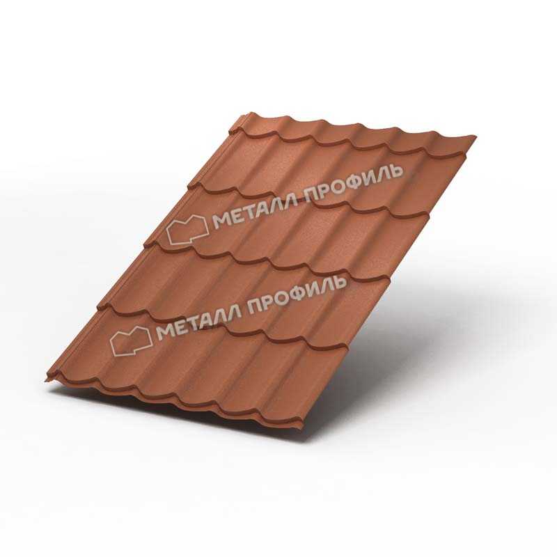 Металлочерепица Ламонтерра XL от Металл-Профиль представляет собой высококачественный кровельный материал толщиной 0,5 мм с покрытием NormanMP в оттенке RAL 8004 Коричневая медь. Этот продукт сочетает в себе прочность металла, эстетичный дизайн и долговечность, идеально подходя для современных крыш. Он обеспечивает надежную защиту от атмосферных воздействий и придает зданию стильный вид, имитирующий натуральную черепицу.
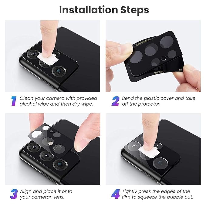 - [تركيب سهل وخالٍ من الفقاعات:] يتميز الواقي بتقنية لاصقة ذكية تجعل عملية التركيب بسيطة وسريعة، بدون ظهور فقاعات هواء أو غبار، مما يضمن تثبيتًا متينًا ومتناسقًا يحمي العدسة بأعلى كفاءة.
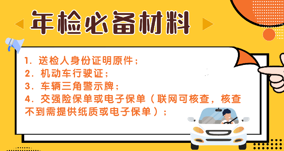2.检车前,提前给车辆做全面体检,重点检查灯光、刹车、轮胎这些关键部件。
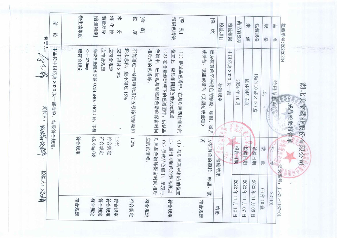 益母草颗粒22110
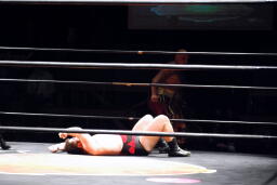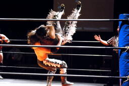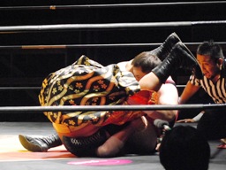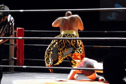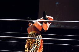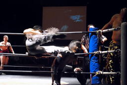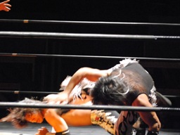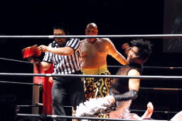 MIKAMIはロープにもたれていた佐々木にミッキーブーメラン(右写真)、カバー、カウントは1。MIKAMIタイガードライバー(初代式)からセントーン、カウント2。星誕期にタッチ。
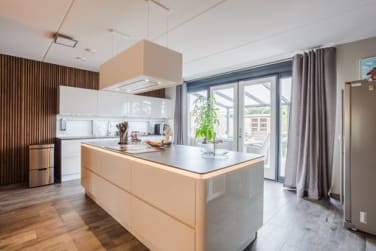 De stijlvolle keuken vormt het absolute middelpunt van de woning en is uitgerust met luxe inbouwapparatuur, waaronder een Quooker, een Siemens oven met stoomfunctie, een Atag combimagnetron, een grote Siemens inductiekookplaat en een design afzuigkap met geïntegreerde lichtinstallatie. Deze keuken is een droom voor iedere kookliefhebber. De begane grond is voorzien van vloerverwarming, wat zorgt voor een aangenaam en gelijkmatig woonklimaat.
....................
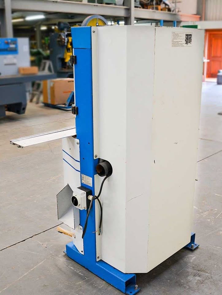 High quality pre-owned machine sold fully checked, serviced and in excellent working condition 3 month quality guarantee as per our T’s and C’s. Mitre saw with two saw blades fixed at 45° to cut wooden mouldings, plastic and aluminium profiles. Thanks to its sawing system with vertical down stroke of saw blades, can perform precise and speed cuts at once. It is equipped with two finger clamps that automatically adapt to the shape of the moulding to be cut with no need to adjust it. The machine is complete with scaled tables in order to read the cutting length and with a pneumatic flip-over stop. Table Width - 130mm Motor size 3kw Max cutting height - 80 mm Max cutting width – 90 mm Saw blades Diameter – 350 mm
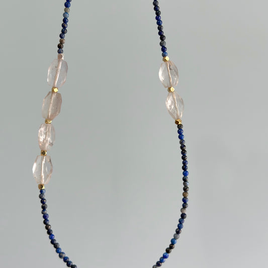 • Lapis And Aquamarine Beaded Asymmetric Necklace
....................
▶ Problem details: In the listing above, find the line with "High quality pre-owned" and the line with "Beaded Asymmetric Necklace". Transcribe those two and everything between, exactly, leaving out pictures.

▶ Expected output:
 High quality pre-owned machine sold fully checked, serviced and in excellent working condition 3 month quality guarantee as per our T’s and C’s. Mitre saw with two saw blades fixed at 45° to cut wooden mouldings, plastic and aluminium profiles. Thanks to its sawing system with vertical down stroke of saw blades, can perform precise and speed cuts at once. It is equipped with two finger clamps that automatically adapt to the shape of the moulding to be cut with no need to adjust it. The machine is complete with scaled tables in order to read the cutting length and with a pneumatic flip-over stop. Table Width - 130mm Motor size 3kw Max cutting height - 80 mm Max cutting width – 90 mm Saw blades Diameter – 350 mm
 • Lapis And Aquamarine Beaded Asymmetric Necklace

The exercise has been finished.